Она молчит. Смотрит в окно. Я смотрю на неё и понимаю: сейчас или никогда.
— Ада, — начинаю тихо. — Я должен тебе кое-что сказать. Про нас с тобой.
— Что? — Она поворачивается. В глазах настороженность.
— Ты знаешь, почему я так упорно защищал Арсения? Почему говорил тебе терпеть, не разводиться, прощать?
— Почему?
— Потому что я боялся.
— Чего?
— За тебя. — Смотрю ей в глаза. — Я боялся, что ты останешься одна. По-настоящему одна. Как я.
Она замирает.
— Я знаю, каково это — приходить в пустой дом. Когда мама умерла, я думал, что не выживу. Каждое утро просыпаться и понимать, что рядом никого. Что не с кем словом перемолвиться. Что ты один в целом мире.
— Пап…
— Я не хотел для тебя такой жизни. — Голос садится. — Думал: ну изменяет, ну гуляет, но он есть. Он рядом. Вы вместе. А если уйдёшь — что останется?
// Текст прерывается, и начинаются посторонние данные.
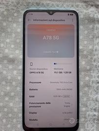 Oppo A78 5G condizioni ottime. Vendo Oppo A78 5G in condizioni ottime, perfettamente funzionante e tenuto con cura. 🔹 Memoria: 128 GB 🔹 RAM: 8 GB (espandibile virtualmente fino a 8 GB virtuali quindi 16 totali) 🔹 Display: 6.56" HD+ con refresh rate a 90 Hz 🔹 Fotocamera: Posteriore: 50 MP + 2 MP Frontale: 8 MP 🔹 Batteria: 5000 mAh con ricarica rapida 33W 🔹 Processore: MediaTek Dimensity 700 (fluido per uso quotidiano e gaming leggero) 🔹 Sistema: Android con ColorOS 🔹 Connettività : 5G, dual SIM 🔹 Extra: impronta digitale + riconoscimento facciale. Resettato e sbloccato. No caricatore e no scatola.

Пустота.
— Лучше с козлом, чем одной?
— Я не знал, что лучше. — Честно говорю. — В моё время так не рассуждали. Я другого не видел, понимаешь? Мой отец мать бил — и ничего, жили. Соседка тётя Зина мужа пьяного каждый вечер поднимала с крыльца и терпела. Нам с детства вдалбливали: семья — это крест, который надо нести. А если несёшь — значит, всё правильно делаешь. Я думал, что учу тебя жить правильно. А учил терпеть ад.
— А мама? Она бы терпела?
— Не знаю. — Перевожу взгляд. — Она была другая. Один раз, помню, я накричал на неё из-за какой-то ерунды. Она посмотрела на меня, собрала вещи и ушла к подруге на три дня. Я тогда чуть с ума не сошёл. А она вернулась и сказала: «Ещё раз повысишь голос — уйду насовсем». И я боялся. Потому что знал — не шутит.
Она молчит так долго, что я успеваю прокрутить в голове всю свою жизнь и понять, сколько раз ошибался.
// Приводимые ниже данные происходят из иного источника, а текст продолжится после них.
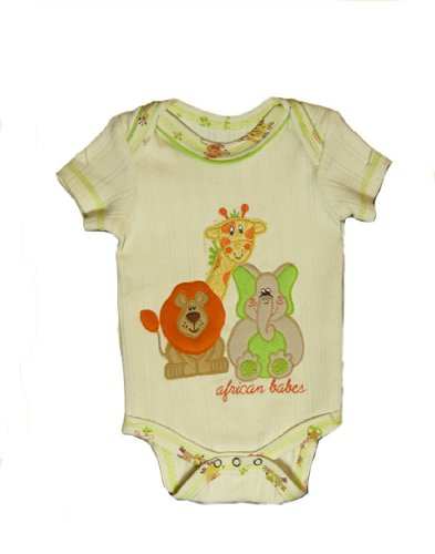 Ethically made in South Africa from 100% fair trade African cotton. The perfect gift. This super soft cotton baby grow has envelope neck and poppers between legs making dressing and changing easy. The applique baby elephant, giraffe and lion are lovely with some gorgeous embroidered detailing on making this boby suit really special.

— Ты поэтому меня не поддержал? — голос тихий, но в нём столько боли. — Когда я первый раз пришла и сказала про любовницу?
— Я думал, что спасаю тебя. — Перевожу взгляд на неё. — Глупо, да? Вместо того чтобы спасти, я толкал тебя обратно в ад.
— Глупо, — кивает она. — Очень глупо.
— Прости, дочка. Я был слеп. Думал, что лучше синица в руках, чем журавль в небе. Думал, что любой мужик — это лучше, чем никакого. А теперь смотрю на тебя, на синяки твои, на глаза пустые — и понимаю: я ошибался. Одиночество — это не самое страшное.